One patient was lost during follow-up; therefore, 24 treated teeth were analyzed, they showed 100% success rate. Platelet-rich fibrin teeth displayed a statistically significant growth in radiographic root length and width, increased periapical bone density, and a reduction in apical diameter when compared with BC. At the end of the follow-up period, all treated teeth were negative to sensibility test. Blood clot displayed greater crown discoloration in comparison to PRF group.

Conclusion

For teeth with open apex and necrotic pulp, revascularization using PRF is an appropriate substitute to BC.

How to cite this article

Rizk HM, Salah AL-Deen MS, Emam AA. Pulp Revascularization/Revitalization of Bilateral Upper Necrotic Immature Permanent Central Incisors with Blood Clot vs Platelet-rich Fibrin Scaffolds—A Split-mouth Double-blind Randomized Controlled Trial. Int J Clin Pediatr Dent 2020;13(4):337–343.

Introduction

Necrotic permanent teeth with open apex with/without periapical pathology are usually treated by apexification with mineral trioxide aggregate (MTA) or calcium hydroxide, and might be disposed to mutilation as a result of seized root maturation due to thin dentinal walls.^1,2

Since Nygaard-Ostby and Hjortdal³ and Horsted and Nygaard-Ostby⁴ published an article about possibility of tissue formation if bleeding could be initiated inside the root canal system, the treatment of immature permanent teeth has witnessed tremendous change in its concept. From that time, there has been many case reports and case series signifying that regenerative endodontic techniques (RET) can result in clinical and radiographic successful outcomes.^5–7

Regenerative endodontic techniques main advantages are promoted root maturation in terms of thickness and length.⁸ Fruitful RET desire the existence of stem cells, signaling molecules (growth factors), and scaffolds.⁹

Regenerative endodontic techniques protocol utilizing blood clot (BC) as a scaffold, include bleeding initiation from periapical area to form BC inside the root canal, acting as a scaffold for stem cells, fibroblasts, and macrophages migration. Enmeshed cells in the BC scaffold could further discharge signaling molecules fundamental for wound healing.¹⁰ Published data have proved the accuracy of a BC scaffold in regenerative endodontics.¹¹ Nevertheless, BC creation in certain cases are problematic. Hertwig epithelial root sheath might be damaged in case multiple attempts are exerted to initiate bleeding, which is a decisive component for root maturation. As a result, harm to this vital structure may result in no more root maturation or development of defective root apex.¹² In addition, the encouraged pulp bleeding which may not be the model process or function as a scaffold to attract the adult (pluripotent) stem cells causing unreliable pulp–dentin tissue regeneration.¹³ Furthermore, a number of authors have reported cases in which it was not possible to produce bleeding in a canal.^14,15 The previously stated concerns have urged researchers to look for better scaffolds that can be constructed regardless of whether or not bleeding can be evoked.

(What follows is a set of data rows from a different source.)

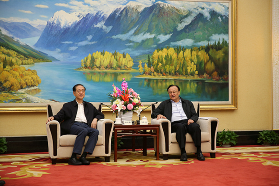 正在新疆调研九三学社参与“一带一路”社会服务工作的全国政协副主席、九三学社中央主席韩启德,9月7日在乌鲁木齐会见中共新疆维吾尔自治区委副书记、自治区主席雪克来提•扎克尔。
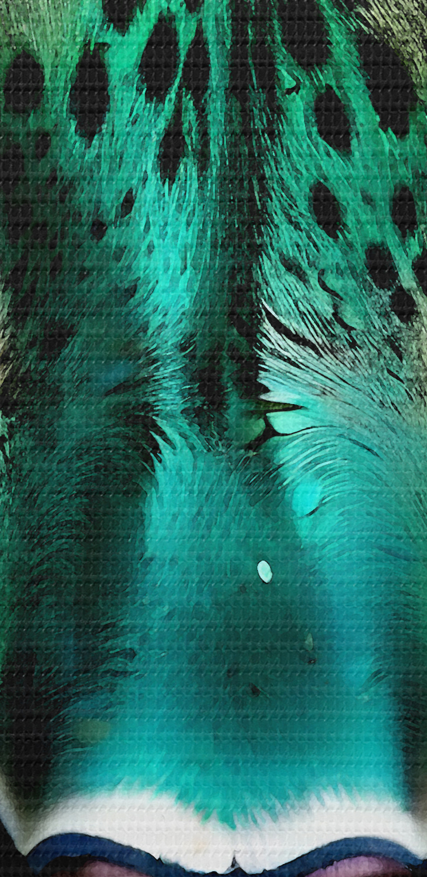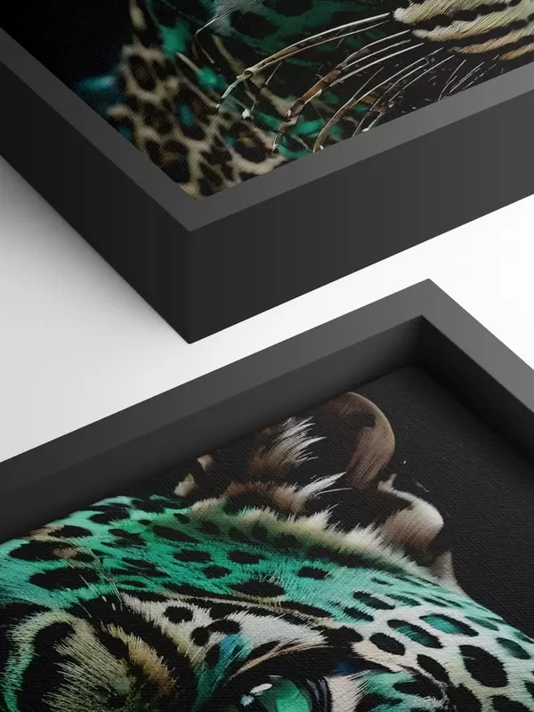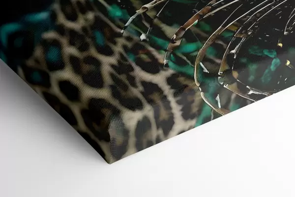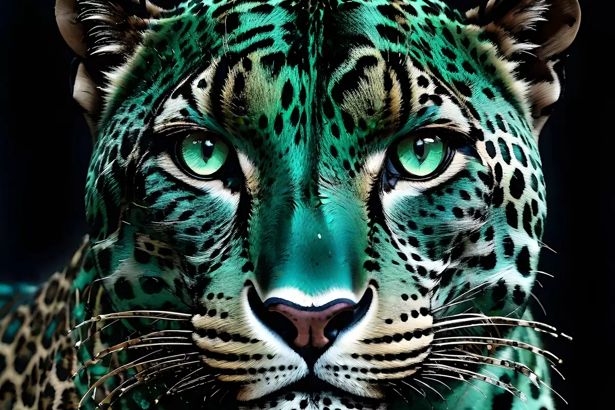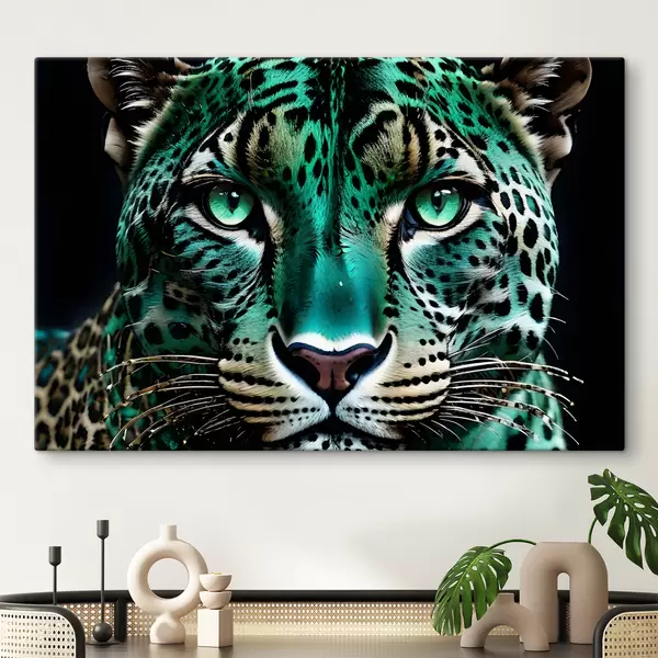 Maalid Lähivõtte portree ägedast roheliste silmadega leopardist, millel on särtsakas türkiissinine ja mustalaiguline karv Nr s38979
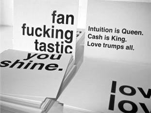 When an innovative and fun company comes along, I work with them to create inspirational content for their team or customers. It usually revolves around a printed book. Think: gorgeous, interactive 'authenticity workbooks' or 'manifestos of innovation'.
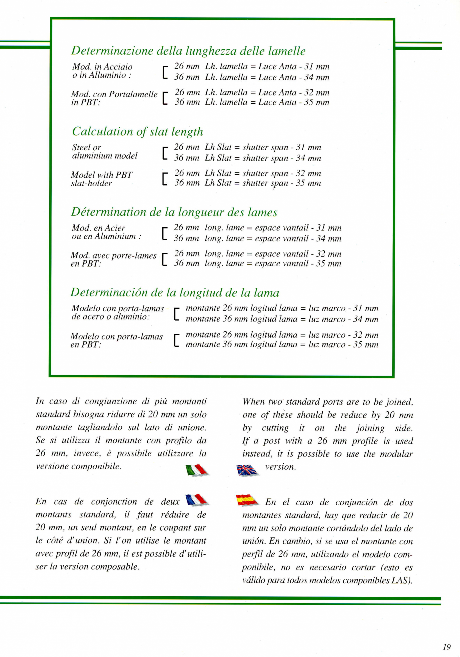 f 26 mm Lh Slat = shutter span - 3l mm

Other scaffold alternatives have been proposed and examined. Being obtained from the same individual and prepared easily, platelet concentrates hold immense combination of signaling molecules. Platelet-rich fibrin (PRF) has many advantages over BC. First, PRF is a coordinated fibrin enmesh leukocytes and platelets, discharging assorted signaling molecules over a long period of time. Second, within PRF cytokines and immune cells are present which could assist during infection.¹⁶ Therefore, better results could be expected when using PRF as a scaffold over BC.

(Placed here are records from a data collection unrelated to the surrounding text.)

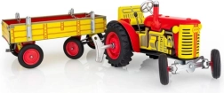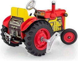 Klasyczna blaszana zabawka dla małych i dużych fanów techniki rolniczej: traktor Zetor z odczepianą przyczepą na sprężynowy mechanizm na kluczyk. Oferuje 3 biegi (do przodu, neutralny, wsteczny), działające sterowanie kierownicą oraz hamulec ręczny. Precyzyjne czeskie rzemiosło, certyfikat Bezpiecznej Zabawki i wytrzymała konstrukcja z nadrukowanej blachy uzupełniona plastikowymi kołami.
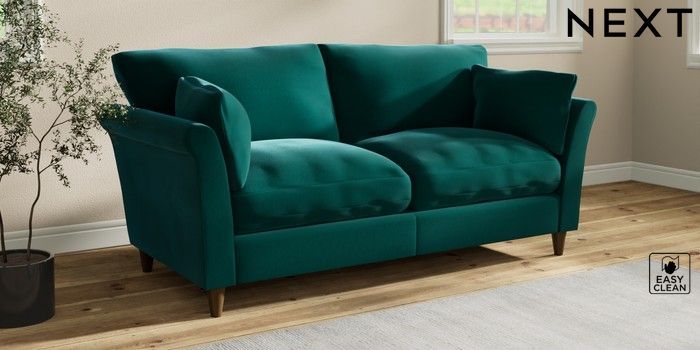 7.3.1 Buy Hartley Relaxed Sit 3 Seater Sofa Plush Velvet Easy Clean Juniper Green Low Conical - Mid from the Next UK online shop
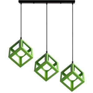 Κρεμαστό φωτιστικό οροφής τριπλό τετράγωνο ρόμβος μεταλλικό πράσινο χρώμα E27 R50 CUBIO 45
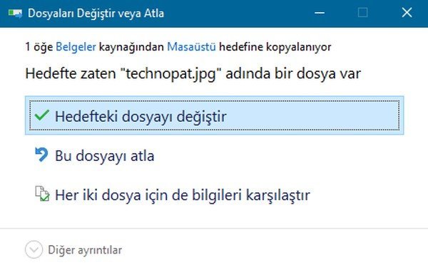 Bazı kullanıcıların iddiasına göre Windows 10 Ekim güncellemesi, “.zip” arşivlerinden çıkan dosyalar için bu pencereyi göstermiyor. Eğer hedef klasörde benzer isimli bir dosyamız varsa, “.zip” dosyasından çıkardığımız aynı isimli dosyayla sorgusuz sualsiz değiştiriliyor. Bu da en başta klasörde bulunan orijinal dosyanın silinmesi anlamına geliyor.
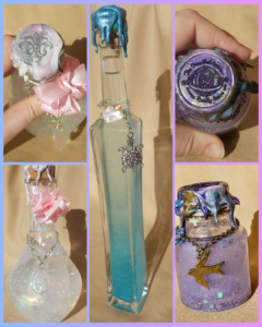 Maak je eigen toverdranken, kies de kleur en glitter en verzegel met gesmolten was. Wil je er nog een kettinkje omheen dan kies je zilver, goud of brons. Ook ontwerp je je eigen label🔮
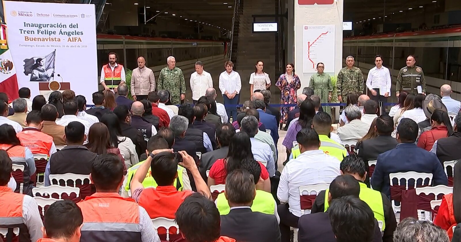 La presidenta Claudia Sheinbaum Pardo inauguró este 26 de abril el Tren “Felipe Ángeles”, que conecta Buenavista con el Aeropuerto Internacional Felipe Ángeles (AIFA), tras un retraso en su apertura programada inicialmente para Semana Santa.
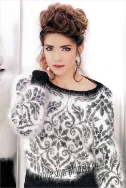 Спицами, с заметного контраста в цветах, этот свитер выделяется своим замысловатым орнаментом и приятной текстурой. Мягкий ворс и изящный рисунок делают его иде...

In addition to the above-mentioned points, deficiency of well-designed split mouth randomized controlled clinical trials prevents the widespread application of this promising treatment protocol and also an accurate evidence-based ranking to be established between BC and PRF scaffolds. Therefore, the aim of the study is to, clinical and radiographically assess the regeneration of PRF and BC scaffolds in the regeneration of bilateral necrotic upper permanent central incisors with immature apex.

Materials and Methods

Trial Design

The study is a randomized clinical trial (RCT). Furthermore, it is a double-blind study where participants were blinded to the treatment received. In addition, the outcome analyzer and the person performed the statistical analysis were blinded.

Sample Size Determination

Thirty upper anterior permanent incisors with immature apex in 15 subjects were encompassed. Calculated with method described by Pozos-Guillén et al. and Pandis et al.^17–19

Study Setting

Children were tabbed from outpatient clinic of Pediatric Dentistry, Faculty of Dentistry, Suez Canal University from January 1, 2015 to May 25, 2017 till predetermined selection criteria were obtained.

Ethical Approval

The (study) research was conducted after it was accepted by the postgraduates studies Committee of the Faculty of Dentistry, Suez Canal University in their session held on January 2016.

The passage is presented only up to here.